Ethics does not exist as a set of arbitrary rules. The purpose of ethics is that it puts a society in a better position in the future. For Justice Thomas to resign would demonstrate a measure of good faith on his part (albeit diminished by having gone on the trips in the first place). It makes a statement that conservative justices value trust in the Supreme Court as an institution more than they value a political advantage. It indicates they will respect progressive justices for stepping down in a similar situation, that they would not press a political advantage which might incentivize progressive justices not to do so.
The reason that some people feel it is more desirable for Justice Thomas to remain on the court is because it seems like a critical short-term measure, a stopgap. If the point of ethics is to build the trust that allows society to function at its best, it seems to them that starting with this situation would build very little trust at the cost of sacrificing political power* to people who are perceived as destructive and unreasonable. If you apply ethics as you would in an ethical society, and it has a heavy short-term cost because of unethical actors, you had better be sure your sacrifice is helping set up some long-term change towards a more ethical society, or it’s a pointless gesture.
Because humans treat politics as a high-stakes game, they feel that losing is worse than cheating (corruption) even though cheating damages the game and brings the game closer to an outright fight (turmoil). Because each side cheats and knows the other side is also cheating, the cheating has a tendency to slowly escalate. Welcome to the iterated prisoner’s dilemma, as played by people who have never learned what that is.
A long-term response is to eschew cheating at the risk of possibly losing the game, because it preserves the integrity of the game and avoids a fight. A short-term response is to cheat to avoid the immediate risk of losing, at the long-term risk of a fight.
However, the choice between short-term and long-term solutions is a false dichotomy. Long-term solutions don’t work if people feel they cannot afford the up-front costs they require, and no amount of short-term solutions laid end to end are going to lead to a world we’d be proud of. Humans have a nasty habit of pushing one and ignoring the other, instead of figuring out short- and long-term solutions that are mutually compatible. From an outside perspective, it’s rather infuriating.
If Justice Thomas were to step down, we should make sure it contributes to trust in its institutional integrity and figure out a replacement justice who would have bipartisan approval. Otherwise, we should be working to build trust somewhere, even if it’s not in the Supreme Court at the moment.
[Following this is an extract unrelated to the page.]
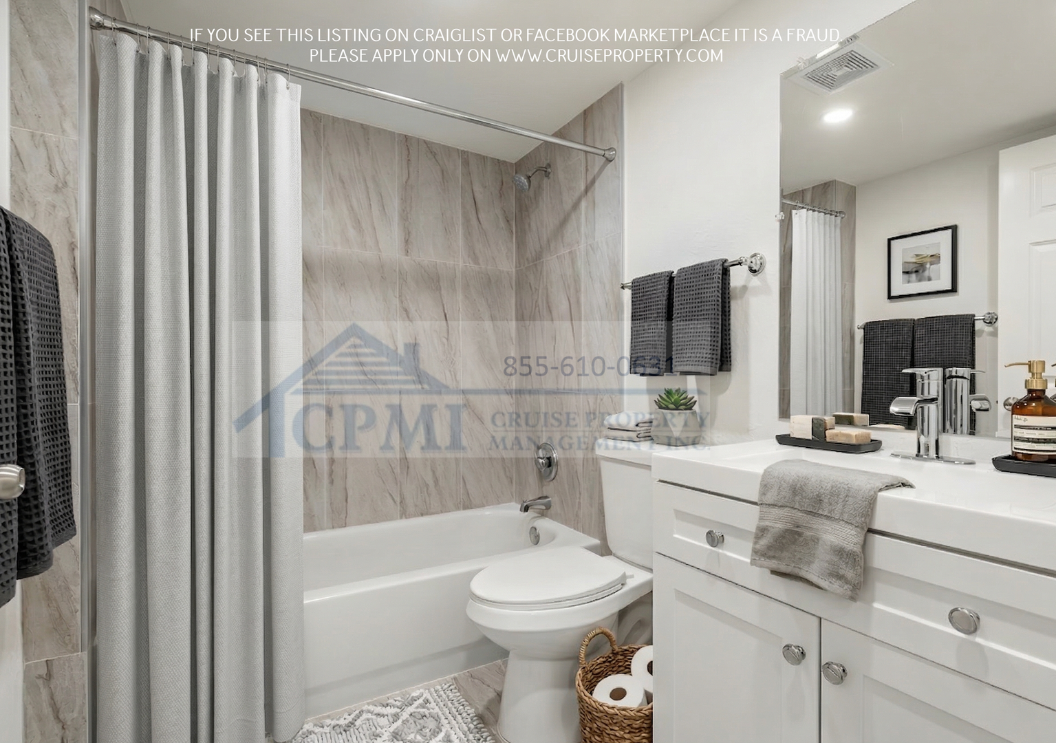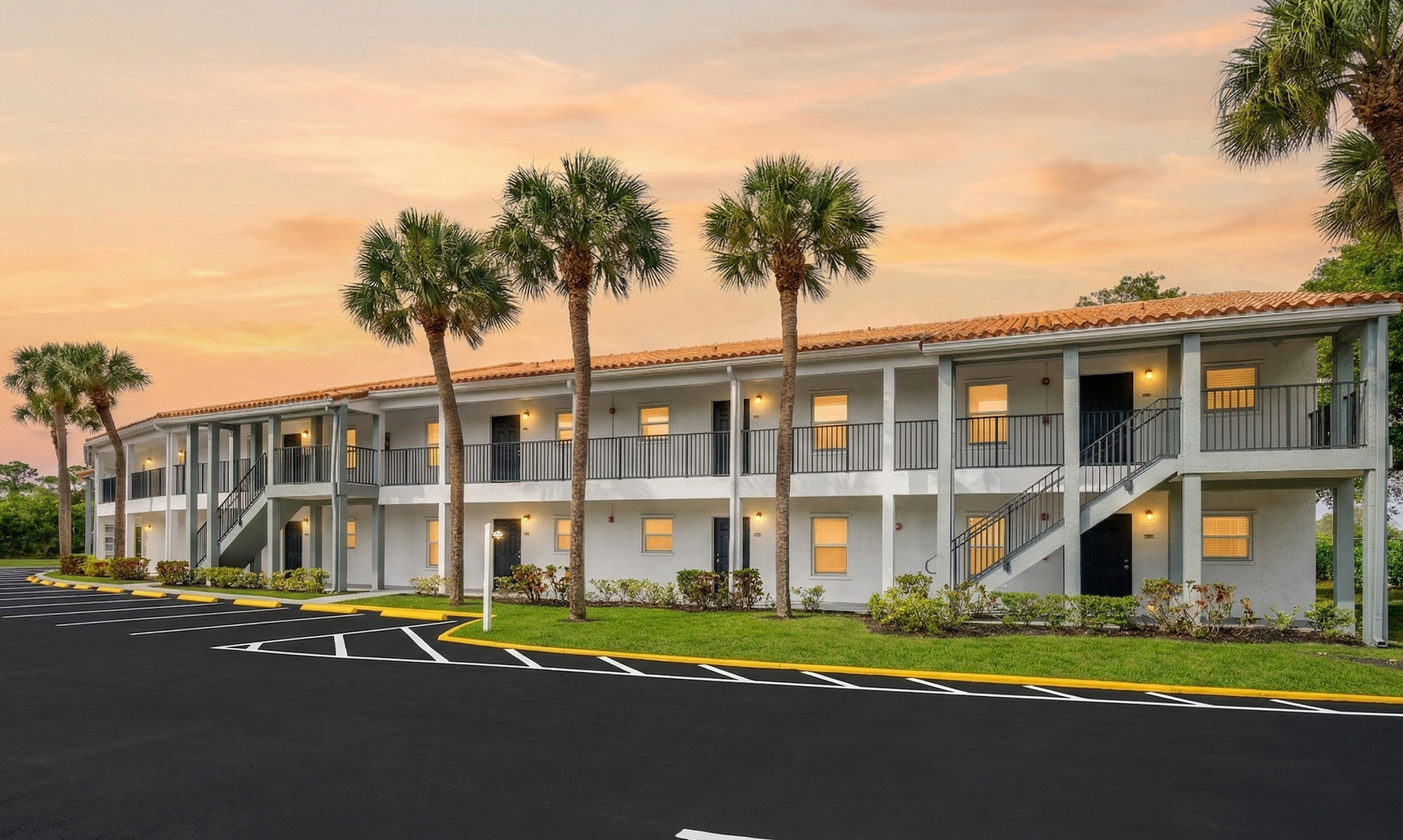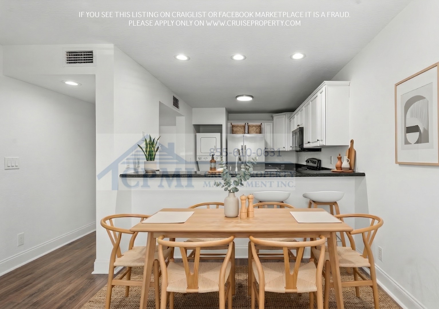 Each residence features a bright and open floor plan designed for both comfort and functionality. The bedrooms include spacious closets, while the kitchen is appointed with granite countertops and stainless-steel appliances. Additional features include a private washer and dryer, private balconies, and a combination of tile and laminate flooring throughout the unit.
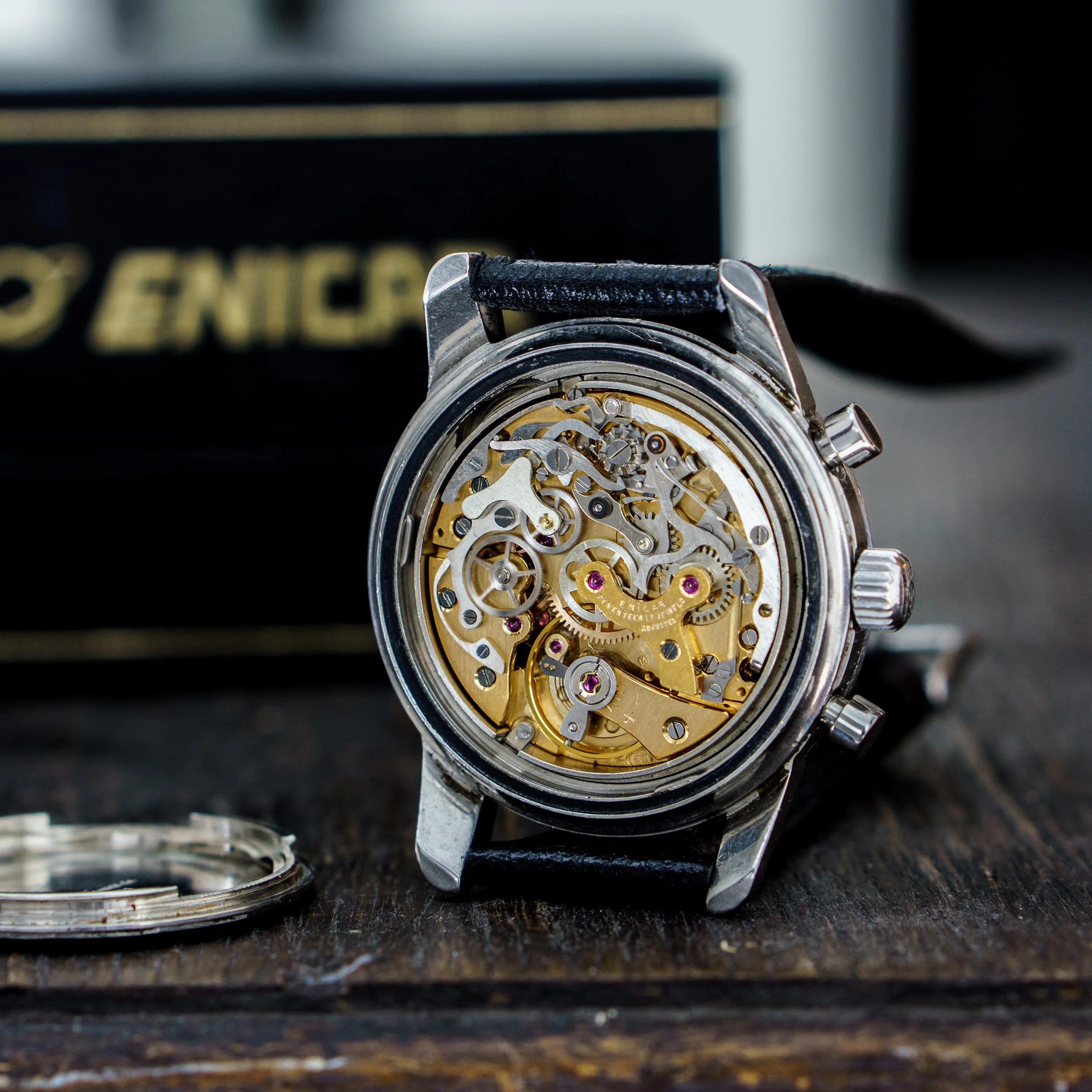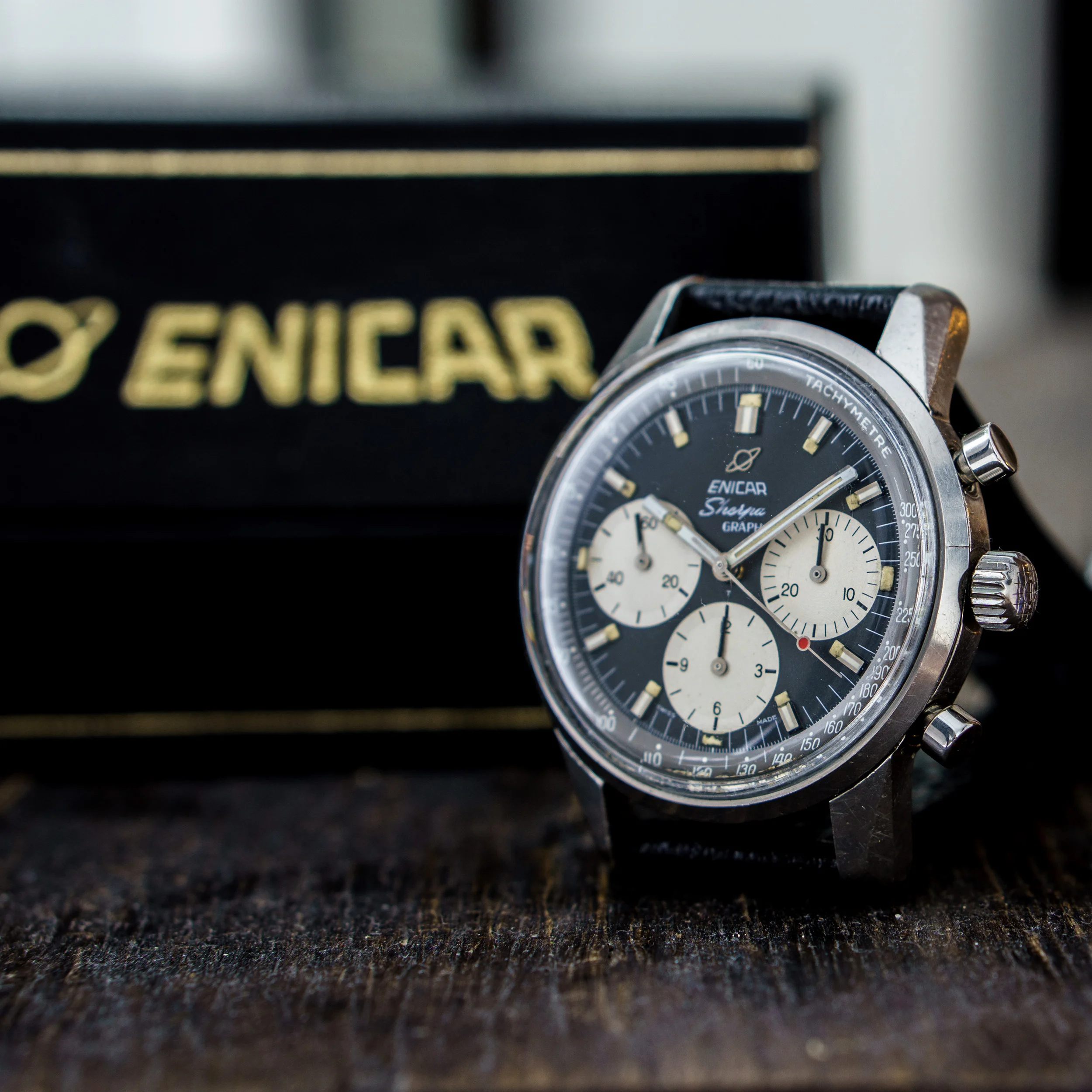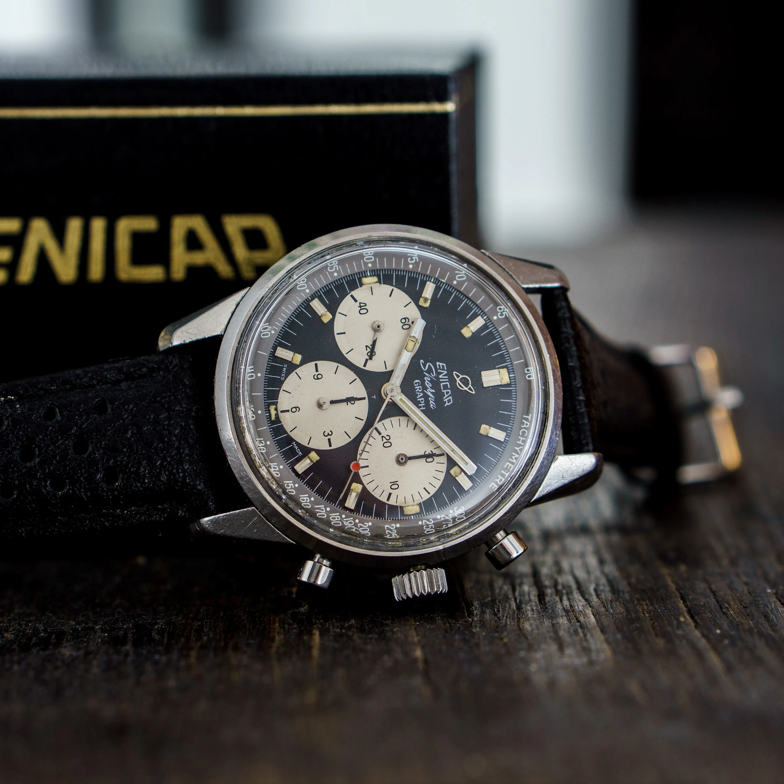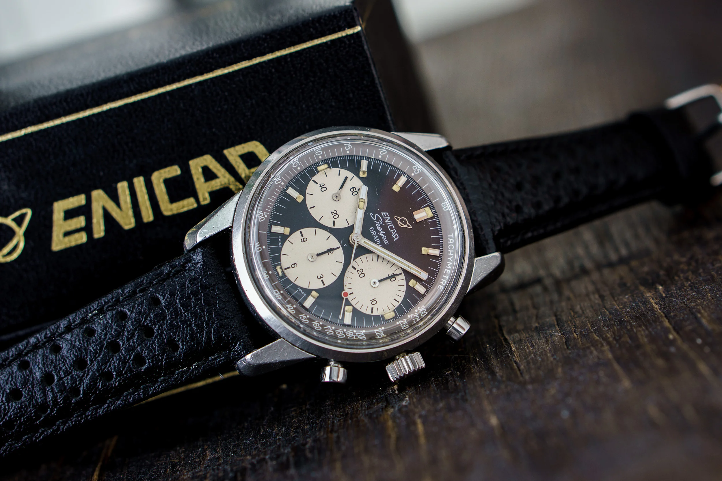 Movement: Freshly serviced Valjoux 72 column wheel movement, marked Enicar. All functions given.

For those afraid of losing the current game, go ahead and do what you feel you have to do. But while you’re doing that, you need to work on setting up a different game. I won’t say this game was unethical from the start, because the stakes were never meant to be this high. When people started awarding the winners more spoils at the cost of everyone else, that’s when the game began to warp beyond recognition under the pressure of collective desperation.
If you want a system that people trust, one that rewards honesty and diligence, you need to make sure that those on the losing side of a conflict don’t have a reason to fear the consequences. (Sometimes that means going the extra mile to help them overcome their fears. It’s worth it.)
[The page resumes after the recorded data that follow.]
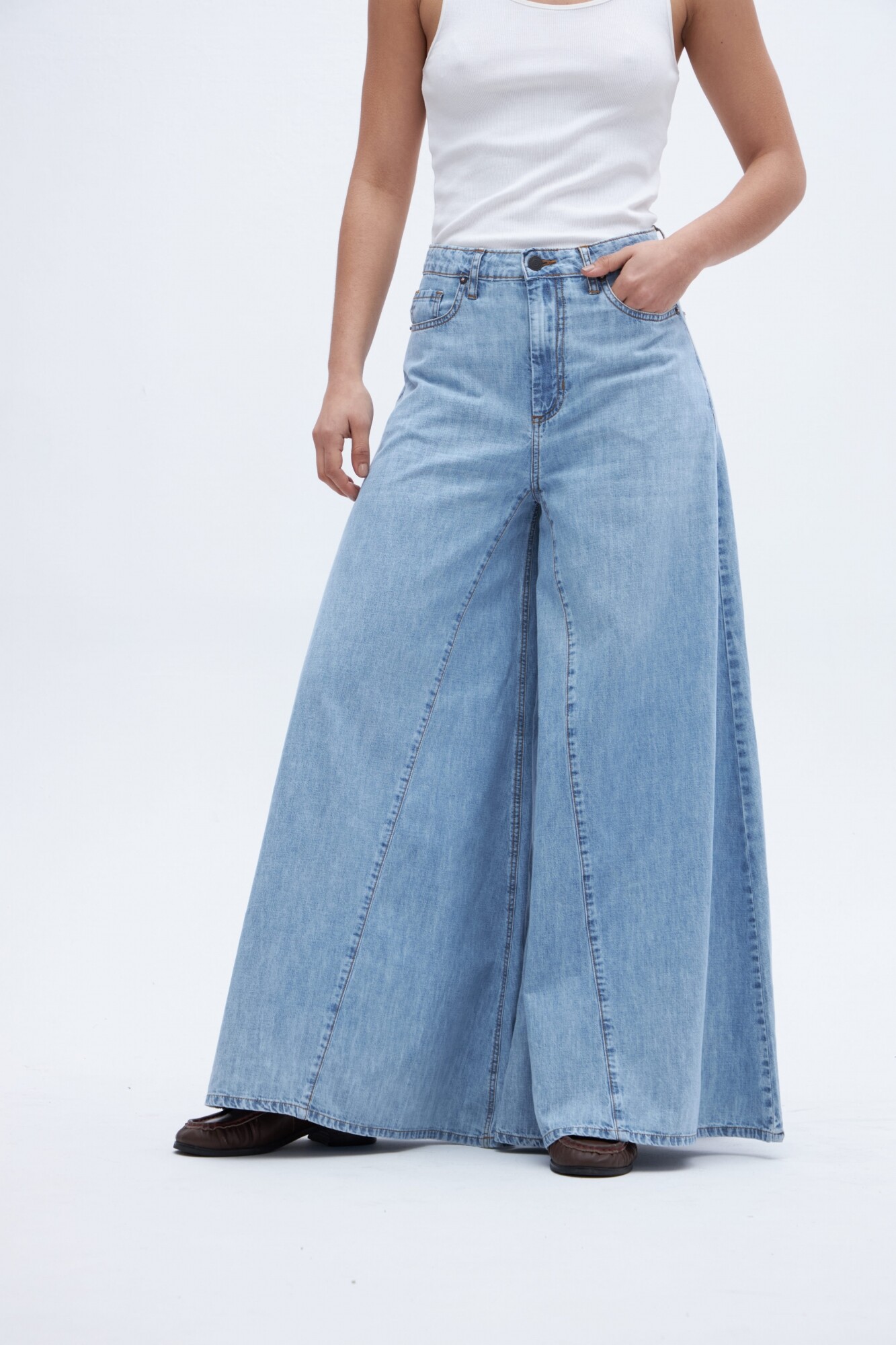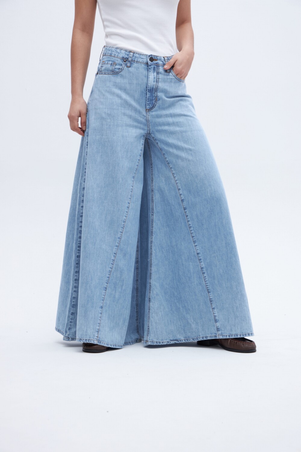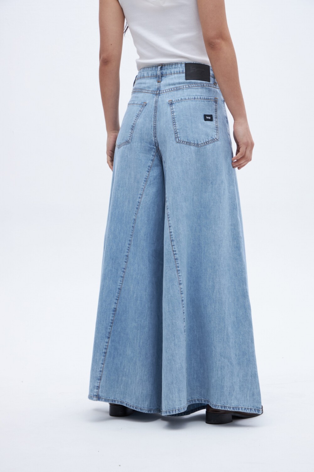 $ 2.797Jean holgado desde la cadera hasta el bajo. Estilo relajado y suelto con cadera levemente ajustada y amplitud a partir del muslo. Este modelo se caracteriza por su pierna super ancha. Corte en pierna.
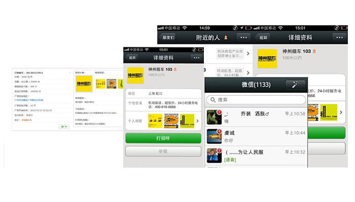 营销人员在人流最旺盛的地方后台24小时运行微信,如果“查看附近的人”使用者足够多,这个广告效果也会不断随着微信用户数量的上升,可能这个简单的签名栏也会变成会移动的“黄金广告位”。
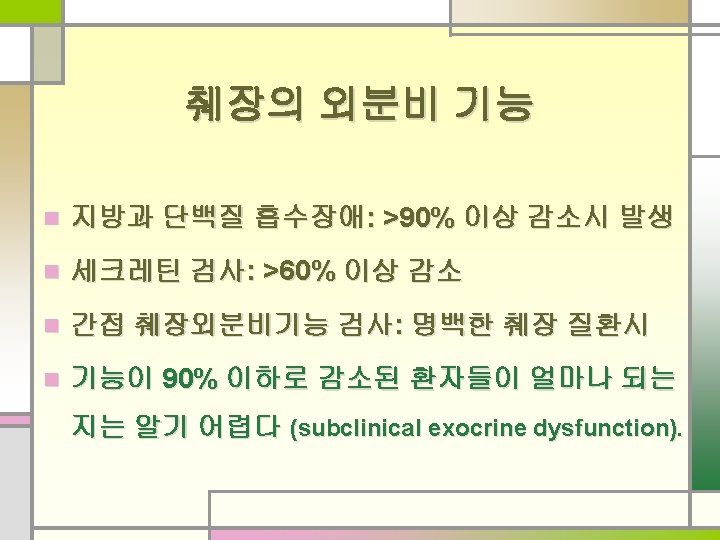 Tests of Pancreatic Exocrine Function n Direct stimulation n Study of intraluminal digestion products n Measurement of fecal pancreatic enzymes

*Part of the problem is that the Supreme Court has any “political power” at all. I blame Congress for being incompetent at writing laws, and by extension I blame the voting public for not organizing to demand better legislators.
Great thought provoking comment. Congratulations.
There is something else to at least consider.
There is a real fear, and I think it’s a justifiable fear, that the courts are our last effective non-violent barrier against totalitarianism and if the majority of the Supreme Court shifts heavily to the side that’s actively supporting the irrational social justice woke then the Constitution will likely fall.
do you remember Rosemary Lehmberg?
Here is a link to a thread on another forum.
http://bbs.stardestroyer.net/viewtopic.php?p=3857818#p3857818
– Maraxus
Keep in mind that Maraxus was posting to defend the indictment of Rick Perry (which jack had blogged about).
– Maraxus
– Maraxus
– Maraxus
“Maraxus’s” ideals were adopted by the Democratic Party. There is no denying it.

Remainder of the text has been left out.